Right! What’s with the ice-skating dress in the collection. Were you a skater?

“No. I’m incredibly uncoordinated thanks to my gigantic limbs that don’t seem to move like I expect them to. But I just love that shape. I like a mini and I think it’s a quite easy piece to wear and I like jerseys and knits.”

It looks like you’ve also created a twist on the Peter Pan collar in this collection. The new version is a little bit more pointed.

“Yes! Everyone’s plundered that Mary Quant thing. What happened was, before we started the design process I went to the offices and they showed me what was going to be in the Madewell store. And on their mood board there was a kind of ‘70s work woman/office gal thing going on. So, we played the collar down a bit, also because I was quite sick of seeing Peter Pan collars everywhere. I still love them, but wanted them to be less exaggerated and more wearable. It’s also me growing up and realizing not everyone wants to dress like a 5-year-old in the same way that I do.”


What can you tell us about the coat that’s inspired by those worn by garbage men?

“It’s called a donkey jacket in England. But we called it the bin-man coat. They are exactly like this, actually. It’s interesting to me how a coat that’s so chic can come out of a job that’s associated with grime and hard work, but they’re also very practical. They are made of wool and the leather shoulders keep you dry. It’s almost like a naval thing. I like classic designs, so I just wanted to make it a little more narrow and feminine since the British version is really heavy and masculine.”

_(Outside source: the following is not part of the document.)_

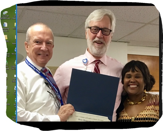 Receiving 5-year certificate for Pastoral Care clinical volunteer hours at Duke Emergency Department 2019 .
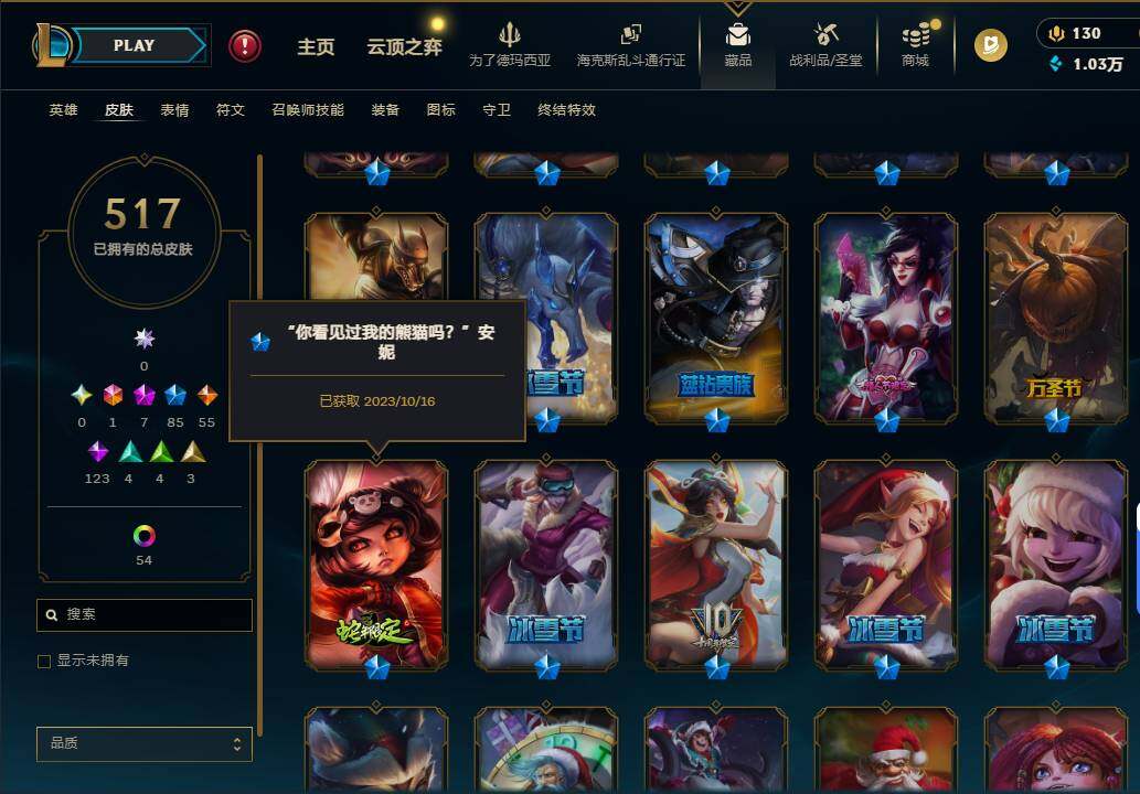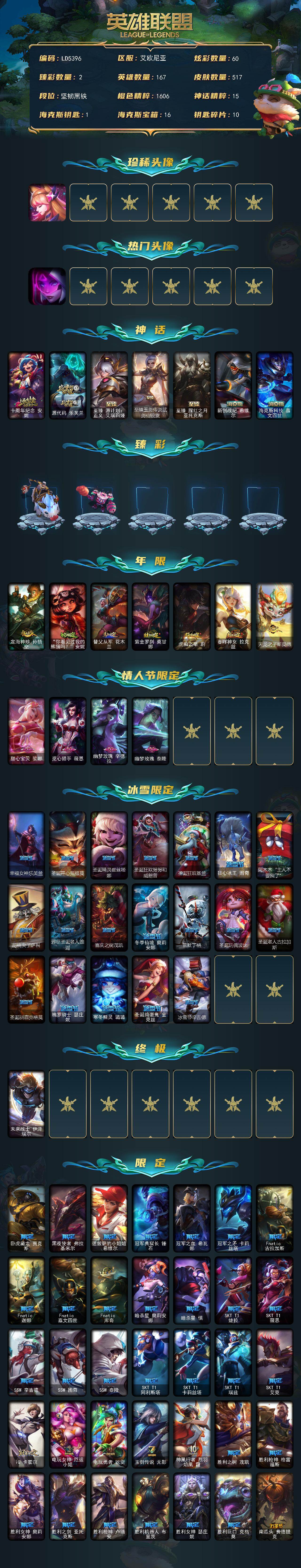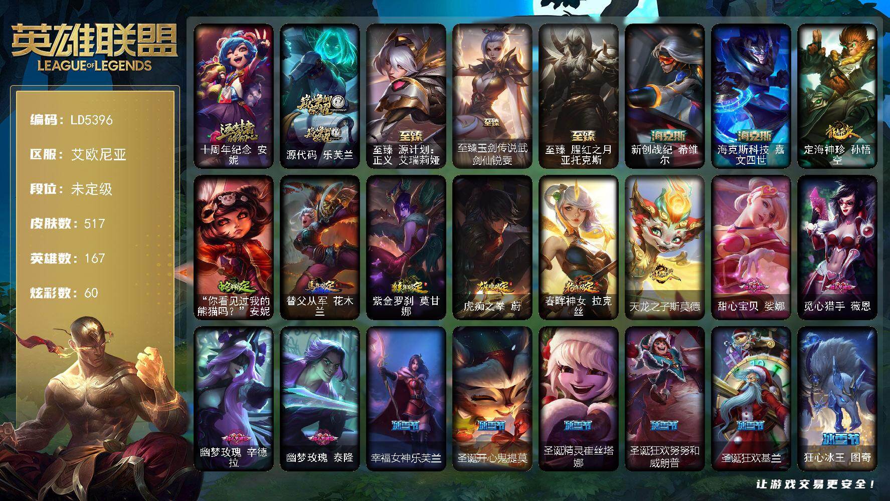 【632971】【LD5396】167英雄/517皮肤/1终极/7神话/86限定/2臻彩/60炫彩/56传说/124史诗/未定级账号等级:754/星守阿狸/源计划刀妹/十周年纪念安妮/源代码乐芙兰/至臻源计划:正义艾瑞莉娅/至臻玉剑传说武剑仙/至臻腥红之月亚托克斯/新创战纪希维尔/海克斯科技嘉文四世/无畏骑士瑟庄妮赤子初心/可爱可爱粉红红布里茨/定海神针孙悟空/“你看见过我的熊猫吗?”安妮/替父

You also have a shirt featuring your ‘Serious Face’ sketch. What’s the story behind that?

“I draw a lot and I have a sketch book that Madewell looked through and they thought that it was cool. It’s actually a sketch inspired by the daughter of John McClane in Die Hard 4.”

You’ve scrapped your PBS series Thrifting America, but you are doing a new show on Lifetime. Tell us about that and what else you have coming up.

“It’s like a fashion reality show with a 24-hour catwalk. The designers have to design a collection in 24 hours and I’m the host! We’re filming now. Otherwise . . . since I was a model before any of this, I still sort of have this freelance brain where I’ve always got to make sure I have something coming up. And that sort of stressed me out. But now I think I’ve become more adult and I’m taking the time to tackle just the things that really believe in and really like. I’m heading to Paris Fashion Week to write for French Vogue. And then after that, I’ve been offered a radio show in England. But it’s really about working out where I want to live, as well. I’m in the East Village right now. So, we’ll see!”